Work request ::
Make a verbatim copy of all the records. Skip every image.

Records for the exercise ::
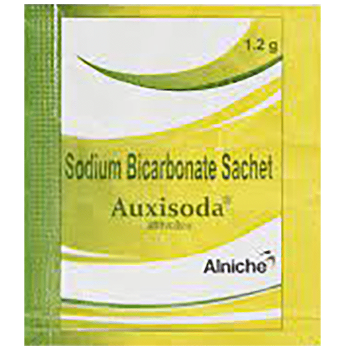 Manufacturer details:                                        Marketer details:Alniche Life Sciences Pvt Ltd | Alniche Life Sciences Pvt. Ltd., S-14, 2nd Floor, Janta Market Rajouri Garden, New Delhi – 110 027,                                                Description:Auxisoda Sachet is an antacid used in the treatment of indigestion, metabolic acidosis and used as an alkalinizing agent. It acts as a buffer that helps neutralize excess acid and restore a healthier pH level in the body. Auxisoda Sachet relieves irritation by producing carbon dioxide which neutralizes the acid present in the stomach. It also increases the pH of blood and urine, thereby correcting acid indigestion, heartburn. Additionally, it helps in the removal of toxic substances from the body in certain types of poisoning.Auxisoda Sachet may be taken with or without food in a dose and duration as advised by the doctor. Excessive intake may cause electrolyte imbalance leading to unwanted side effects. Keep taking this medicine for as long as your doctor recommends. If you stop treatment too early your symptoms may come back and your condition may worsen.Common side effects of this medicine include high sodium levels, cerebral edema, alkalosis, and hypokalemia. Let your doctor know if any of these side effects persist or get worse. They may be able to help by adjusting the dosage or by prescribing you an alternate medicine.It is important to consult a doctor before taking Auxisoda Sachet if you are suffering from stomach and kidney disease. Let your doctor also know about all other medications you are taking as some may affect, or be affected by this medicine. Pregnant or breastfeeding women should also consult their doctor before taking this medicine.
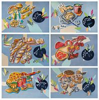 Ik heb de producten in 6 groepen gegroepeerd en in schetsstijl getekend met inkt en wit potlood op kraftpapier met collage-elementen van gekleurd kraftpapier.
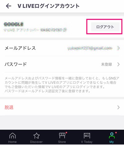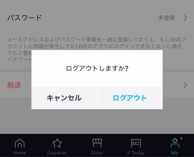 再度ログインする場合、VOD配布のVliveのアカウントでログインします。
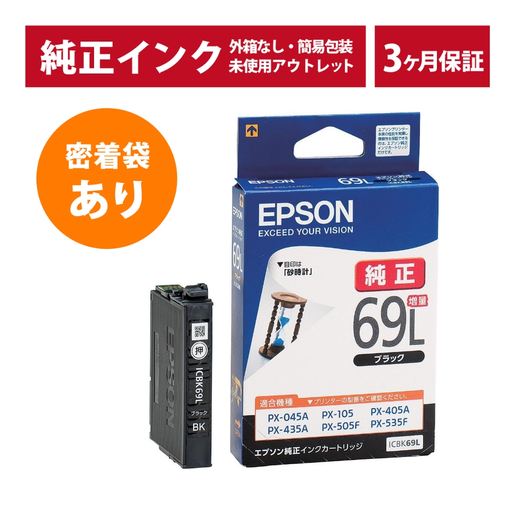 ///LINEクーポン有/// ICBK69L 増量 単品 密着袋あり 純正 インク アウトレット EPSON (エプソン) インクカートリッジ ブラック(発送日より3ヶ月間保証付)
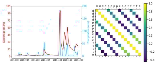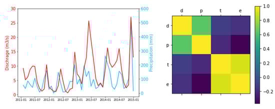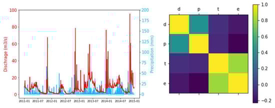 In Figure 3, the left side matrix plot illustrates that the correlation between daily temperature and evapotranspiration is best among all of them, at around 0.8, and after that discharge and precipitation have a good correlation, which is 0.39. The discharge versus precipitation graph shows that discharge is the outline of the precipitation like cumulative water.
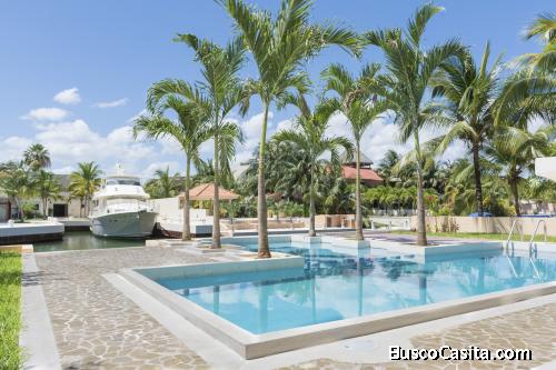 Esta hermosa Residencia con vista al canal cuenta con un espacioso Recibidor con techos de doble altura, Sala, Comedor, Cocina Gourmet con Desayunador, Bar, 2 medios Baños, 5 Recamaras con 5 baños completos y Cuarto de Servicio con Baño.
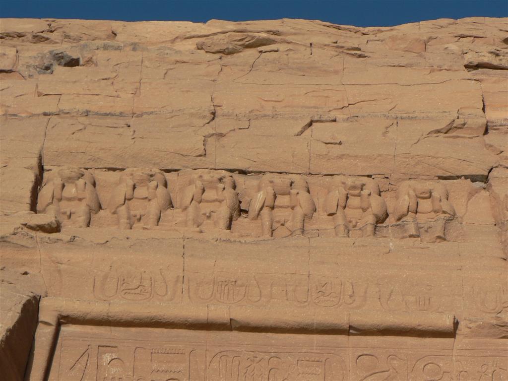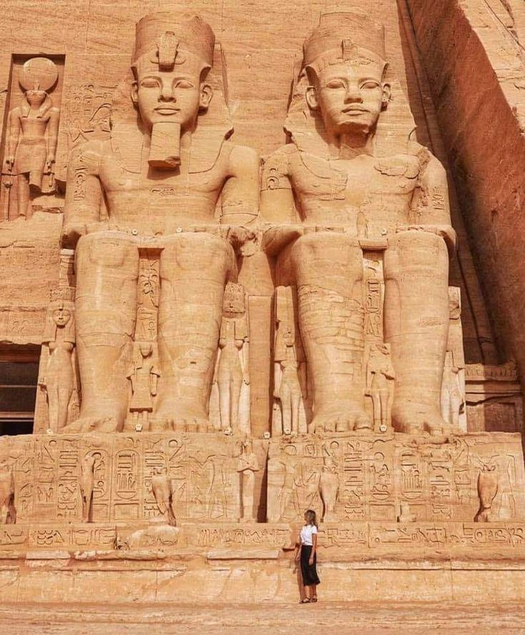 Посвященный богам солнца, храм простирается на 185 футов в скалу через серию из трех возвышающихся залов. Сцены изображают Рамзеса II в битве при Кадеше, а также фараона и его главную жену Нефертари, делающих подношения богам солнца. Рамзес приказал построить второй, меньший по размеру храм для Нефертари.
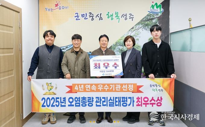 한국시사경제 권충언 기자 | 성주군은 경상북도가 주최한 “2025년도 수질오염총량관리 실태평가”에서 최우수상을 수상했다. 이로써 2022년ㆍ2023년ㆍ2024년에 이어 4년 연속 우수기관으로 선정되는 쾌거를 이루었다. 이번 수상은 성주군의 지속적인 환경 관리 노력과 열정을 인정받은 결과로 그 의미가 크다 하겠다.
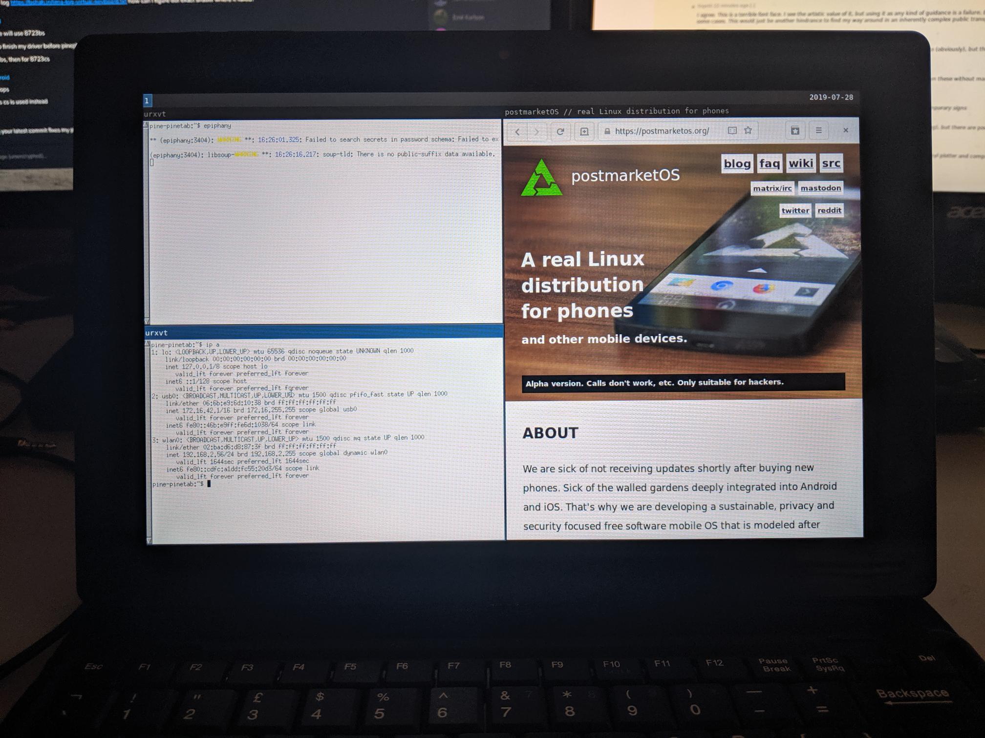 I was really excited to see Martijn Braam from postmarketOS demo the PineTab running a build with the Sway window manager. Watching the video gives you a sense of the sort of interesting experiments that such a laptop-tablet hybrid device opens up. You can see Martijn use the trackpad and keyboard for the usual window manager and terminal stuff, and then switch to the touchscreen to interact with web pages in the browser. Obviously the Sway WM may not be a natural nor a perfect fit for the device, but the option is there for those who only occasionally need the touchscreen functionality and love tiling managers. Moreover, looks like Sway will be getting touch navigation buttons on the top bar, gesture navigation and a virtual keyboard in the foreseeable future - making is a real option. Let’s face it, if tiling WM experience can be enriched by the touchscreen then every other scenario I can think of - perhaps with the exception of running a raw Bash shell - is almost certainly viable. Martijn also has a video showcasing Phosh shell running on postmarketOS. It is very cool to see a work-in-progress front-end crossover from another great FOSS project. I have also seen KDE Plasma and plasma mobile running on the device; I am linking the relevant media below.
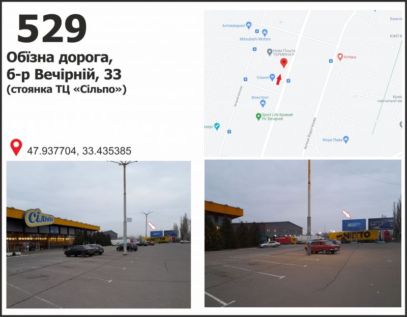 Білборд/Щит б-р Вечірній, 33 (стоянка перед ТЦ "Сильпо"), Кривий Ріг

Reply ::
 Manufacturer details:                                        Marketer details:Alniche Life Sciences Pvt Ltd | Alniche Life Sciences Pvt. Ltd., S-14, 2nd Floor, Janta Market Rajouri Garden, New Delhi – 110 027,                                                Description:Auxisoda Sachet is an antacid used in the treatment of indigestion, metabolic acidosis and used as an alkalinizing agent. It acts as a buffer that helps neutralize excess acid and restore a healthier pH level in the body. Auxisoda Sachet relieves irritation by producing carbon dioxide which neutralizes the acid present in the stomach. It also increases the pH of blood and urine, thereby correcting acid indigestion, heartburn. Additionally, it helps in the removal of toxic substances from the body in certain types of poisoning.Auxisoda Sachet may be taken with or without food in a dose and duration as advised by the doctor. Excessive intake may cause electrolyte imbalance leading to unwanted side effects. Keep taking this medicine for as long as your doctor recommends. If you stop treatment too early your symptoms may come back and your condition may worsen.Common side effects of this medicine include high sodium levels, cerebral edema, alkalosis, and hypokalemia. Let your doctor know if any of these side effects persist or get worse. They may be able to help by adjusting the dosage or by prescribing you an alternate medicine.It is important to consult a doctor before taking Auxisoda Sachet if you are suffering from stomach and kidney disease. Let your doctor also know about all other medications you are taking as some may affect, or be affected by this medicine. Pregnant or breastfeeding women should also consult their doctor before taking this medicine.
 Ik heb de producten in 6 groepen gegroepeerd en in schetsstijl getekend met inkt en wit potlood op kraftpapier met collage-elementen van gekleurd kraftpapier.
 再度ログインする場合、VOD配布のVliveのアカウントでログインします。
 ///LINEクーポン有/// ICBK69L 増量 単品 密着袋あり 純正 インク アウトレット EPSON (エプソン) インクカートリッジ ブラック(発送日より3ヶ月間保証付)
 In Figure 3, the left side matrix plot illustrates that the correlation between daily temperature and evapotranspiration is best among all of them, at around 0.8, and after that discharge and precipitation have a good correlation, which is 0.39. The discharge versus precipitation graph shows that discharge is the outline of the precipitation like cumulative water.
 Esta hermosa Residencia con vista al canal cuenta con un espacioso Recibidor con techos de doble altura, Sala, Comedor, Cocina Gourmet con Desayunador, Bar, 2 medios Baños, 5 Recamaras con 5 baños completos y Cuarto de Servicio con Baño.
 Посвященный богам солнца, храм простирается на 185 футов в скалу через серию из трех возвышающихся залов. Сцены изображают Рамзеса II в битве при Кадеше, а также фараона и его главную жену Нефертари, делающих подношения богам солнца. Рамзес приказал построить второй, меньший по размеру храм для Нефертари.
 한국시사경제 권충언 기자 | 성주군은 경상북도가 주최한 “2025년도 수질오염총량관리 실태평가”에서 최우수상을 수상했다. 이로써 2022년ㆍ2023년ㆍ2024년에 이어 4년 연속 우수기관으로 선정되는 쾌거를 이루었다. 이번 수상은 성주군의 지속적인 환경 관리 노력과 열정을 인정받은 결과로 그 의미가 크다 하겠다.
 I was really excited to see Martijn Braam from postmarketOS demo the PineTab running a build with the Sway window manager. Watching the video gives you a sense of the sort of interesting experiments that such a laptop-tablet hybrid device opens up. You can see Martijn use the trackpad and keyboard for the usual window manager and terminal stuff, and then switch to the touchscreen to interact with web pages in the browser. Obviously the Sway WM may not be a natural nor a perfect fit for the device, but the option is there for those who only occasionally need the touchscreen functionality and love tiling managers. Moreover, looks like Sway will be getting touch navigation buttons on the top bar, gesture navigation and a virtual keyboard in the foreseeable future - making is a real option. Let’s face it, if tiling WM experience can be enriched by the touchscreen then every other scenario I can think of - perhaps with the exception of running a raw Bash shell - is almost certainly viable. Martijn also has a video showcasing Phosh shell running on postmarketOS. It is very cool to see a work-in-progress front-end crossover from another great FOSS project. I have also seen KDE Plasma and plasma mobile running on the device; I am linking the relevant media below.
 Білборд/Щит б-р Вечірній, 33 (стоянка перед ТЦ "Сильпо"), Кривий Ріг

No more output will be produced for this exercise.